INTRODUCTION: Laboratory diagnosis of von Willebrand disease (VWD) requires determination of both von Willebrand factor (VWF) protein levels and activity. Current VWF activity tests include the ristocetin cofactor assay and the collagen-binding assay (VWF:CB). The goal of this investigation is to characterize a new collagen-binding assay and to determine its effectiveness in identifying VWD.

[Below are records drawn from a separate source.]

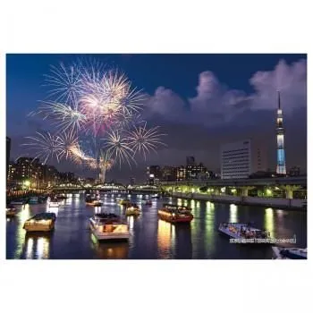 その土地にかかわる風景や物なども含めて有名なものをパズルにした、シリーズ「日本の都市」。墨田川花火大会の花火打ち上げ数は約2万発。当日には屋形船も多数出て95万人ほどの人出でにぎわう、東京下町の大規模な夏の風物詩です。
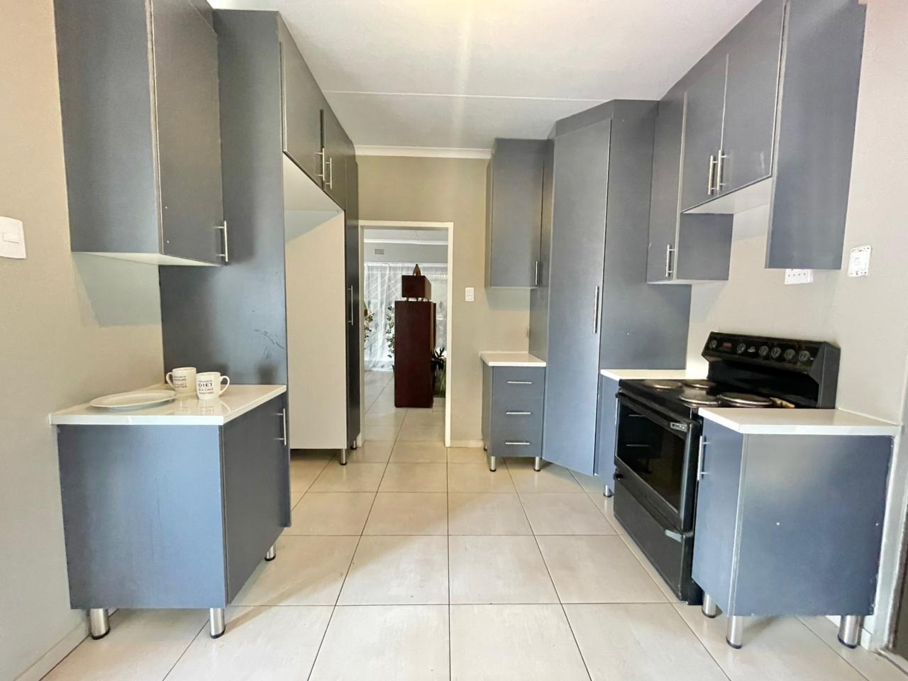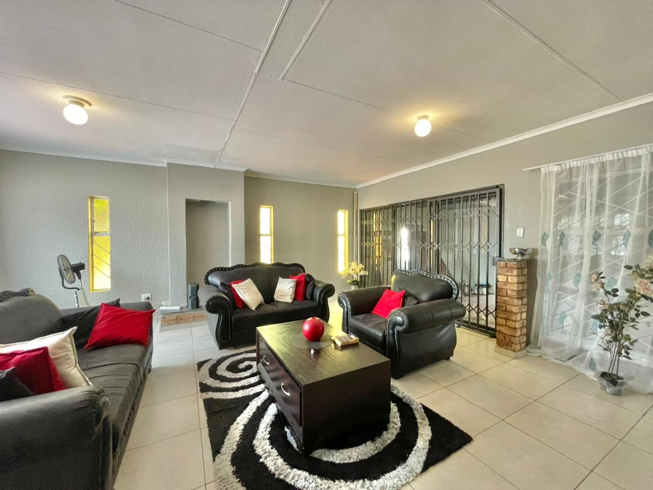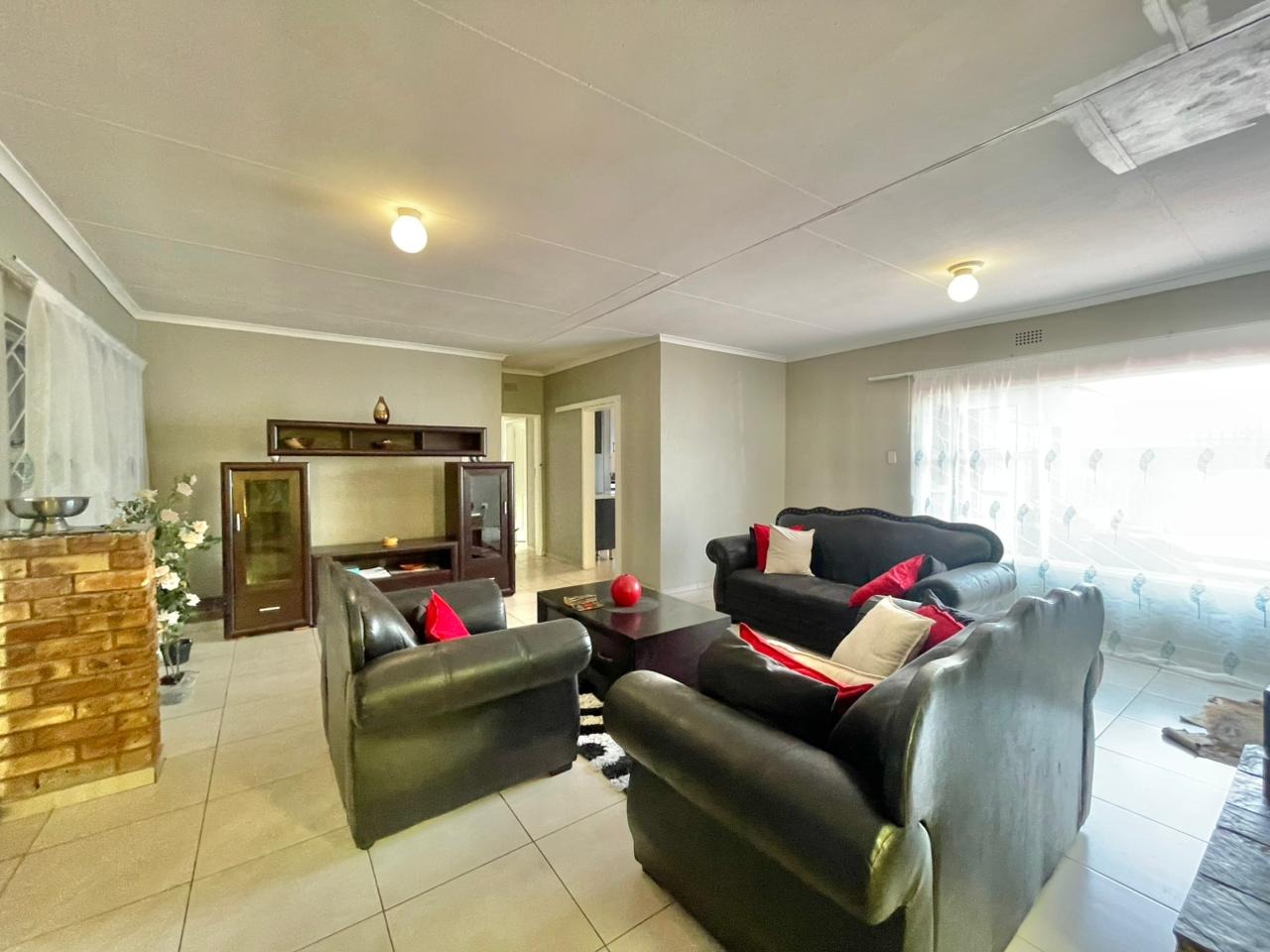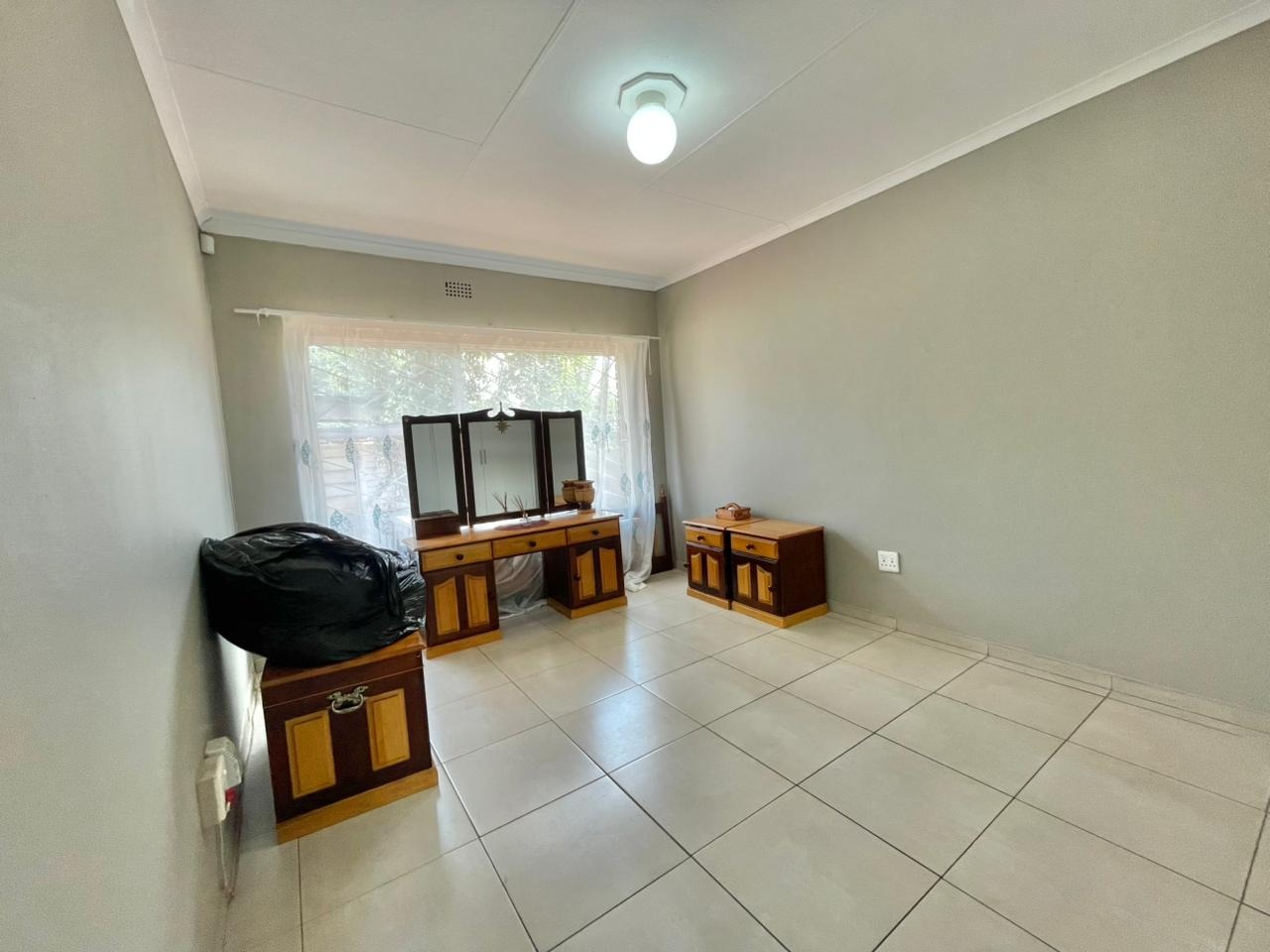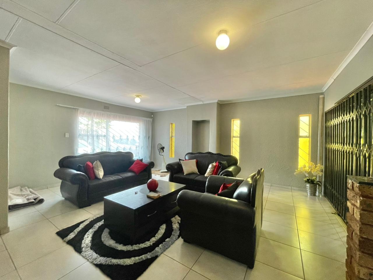 Discover this inviting 3-bedroom, 2-bathroom family home situated on a generous 880 sqm erf. The property immediately impresses with its sturdy brick and tile construction, featuring a grey facade and red brick accents. A prominent red brick paved driveway offers extensive parking for up to eight vehicles, ensuring convenience for residents and guests alike. The property is totally walled, providing a secure and private environment. Step inside to an open-plan lounge and dining area, characterized by light-colored tiled flooring and ample natural light streaming through tall vertical windows. This spacious layout provides a comfortable setting for relaxation and entertaining. The modern kitchen boasts sleek dark grey cabinetry, light countertops, and tiled flooring, equipped with a freestanding stove and a double sink. While compact, it offers functional space for daily meal preparation, enhanced by natural light and security bars on the window. The home features three comfortable bedrooms and two bathrooms, including a convenient ensuite. Beyond the main residence, the property offers practical outdoor amenities including a well-maintained garden, extensive paving, and a built-in braai, perfect for South African entertaining. Additional features include staff quarters, outside toilets, and a separate flatlet, offering versatile living arrangements. Security is well-addressed with an alarm system, burglar bars, and a totally walled perimeter, ensuring peace of mind. The property is also wheelchair-friendly, pet-friendly, and has fibre connectivity. Located in Mayberry Park, Alberton, this well-established suburban area is known for its family-friendly atmosphere and convenient access to local amenities and transport routes. Key Features: * 3 Bedrooms, 2 Bathrooms (1 Ensuite) * Open-plan Lounge and Dining Area * Modern Grey Kitchen with Freestanding Stove * 8 Parking Bays on Paved Driveway * Built-in Braai and Garden * Staff Quarters, Outside Toilets, and Flatlet * Alarm System, Burglar Bars, Totally Walled * Fibre Connectivity Available * Wheelchair and Pet Friendly
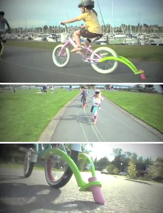 Coolthings ha realizzato ChalkTrail, un braccio di plastica con dei gessi colorati da fissare alla ruota posteriore della bici o al monopattino per disegnare sull’asfalto, come fosse una lavagna. Ogni singolo gesso può durare fino a due chilometri di strada. In vendita qui.
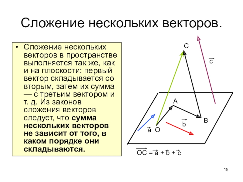 их сумма — с третьим вектором и т. д. Из законов сложения векторов следует, что сумма нескольких векторов не зависит от того, в каком порядке они складываются.
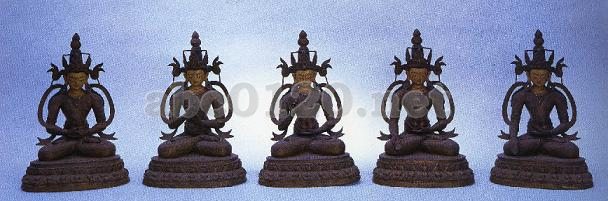 「菩提心論」のなかに説かれている五方佛をチベット式画像幅(タンカ)としている。各色の尊像は尊名と功徳をあらわす。
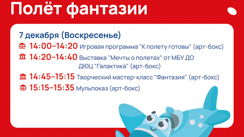 А в воскресенье в 14:00 в парке Ветеранов стартует развлекательная программа «Полет фантазии»! Детей ждут творческий мастер-класс, игровая программа, выставка и мультпоказ.
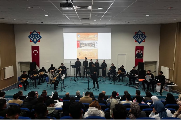 Üniversitemiz Sanat Tasarım ve Mimarlık Fakültesi Müzik Bölümü Türk Müziği Topluluğu, İlçe MYO Konserleri kapsamında ilk konserini yüksekokulumuzda gerçekleştirdi.
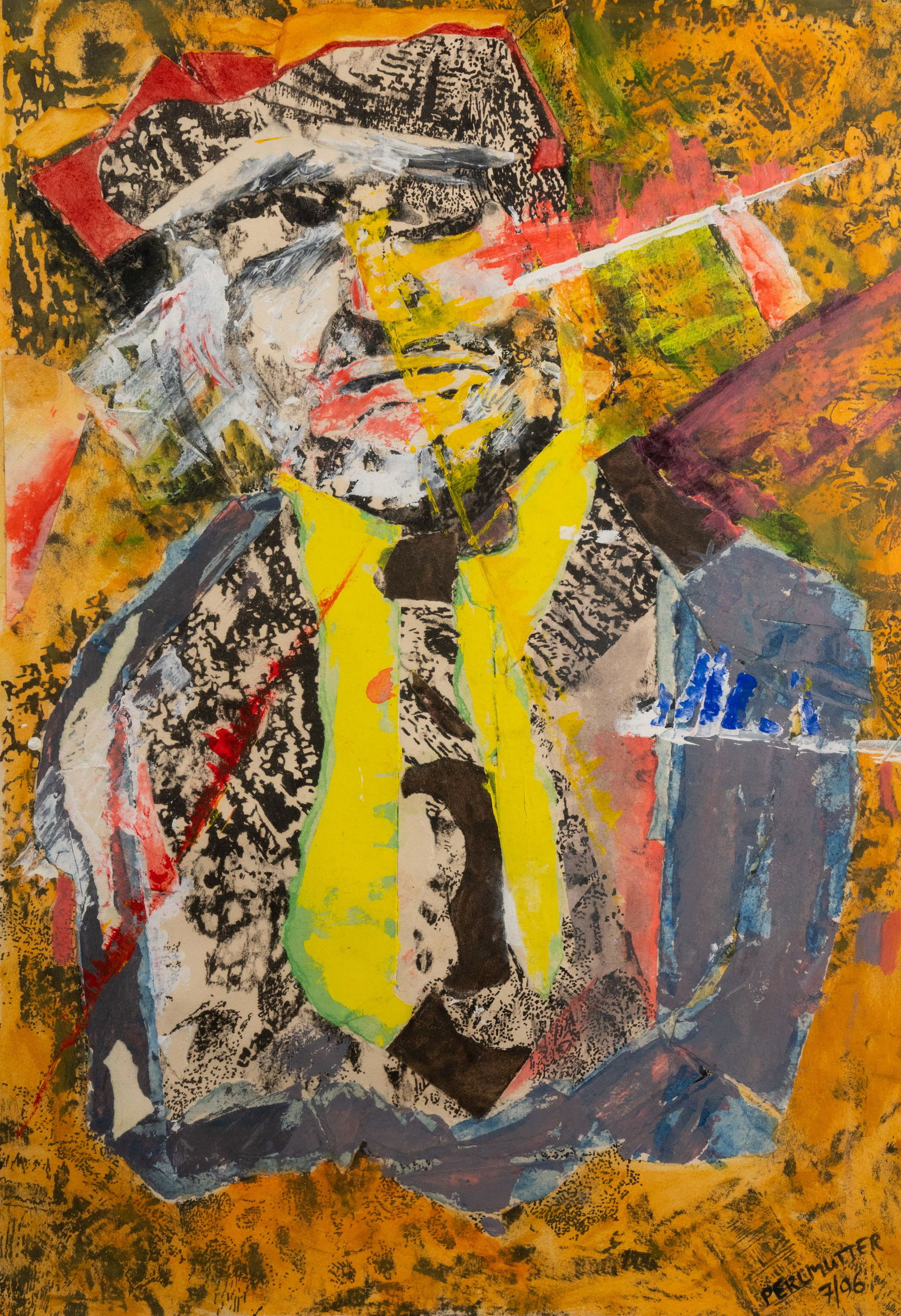 Signed Perlmutter 'Face Portrait' Mixed Media on Litho

METHODS: Analytical studies were carried out to characterize the performance of a new VWF:CB ELISA. Additionally, samples from a normal population were tested as were well-characterized type 1 and type 2 VWD samples.
RESULTS: Repeatability and within-laboratory precision studies resulted in coefficients of variation (CVs) of ≤11%. A linear range of 1-354% (0.01-3.54 IU/mL) was determined, along with a limit of detection and a lower limit of quantitation of 1.6% and 4.0% (0.016 and 0.04 IU/mL), respectively. Samples tested from apparently healthy individuals resulted in a normal range of 54-217% (0.54-2.17 IU/mL). Known VWD type 1 and type 2 samples were also analyzed by the ELISA, with 99% of samples having VWF:CB below the normal reference range and an estimated 96% sensitivity and 87% specificity using a VWF collagen-binding/antigen cutoff ratio of 0.50.
CONCLUSION: This new VWF:CB ELISA provides an accurate measure of collagen-binding activity that aids in the diagnosis and differentiation of type 1 from type 2 VWD.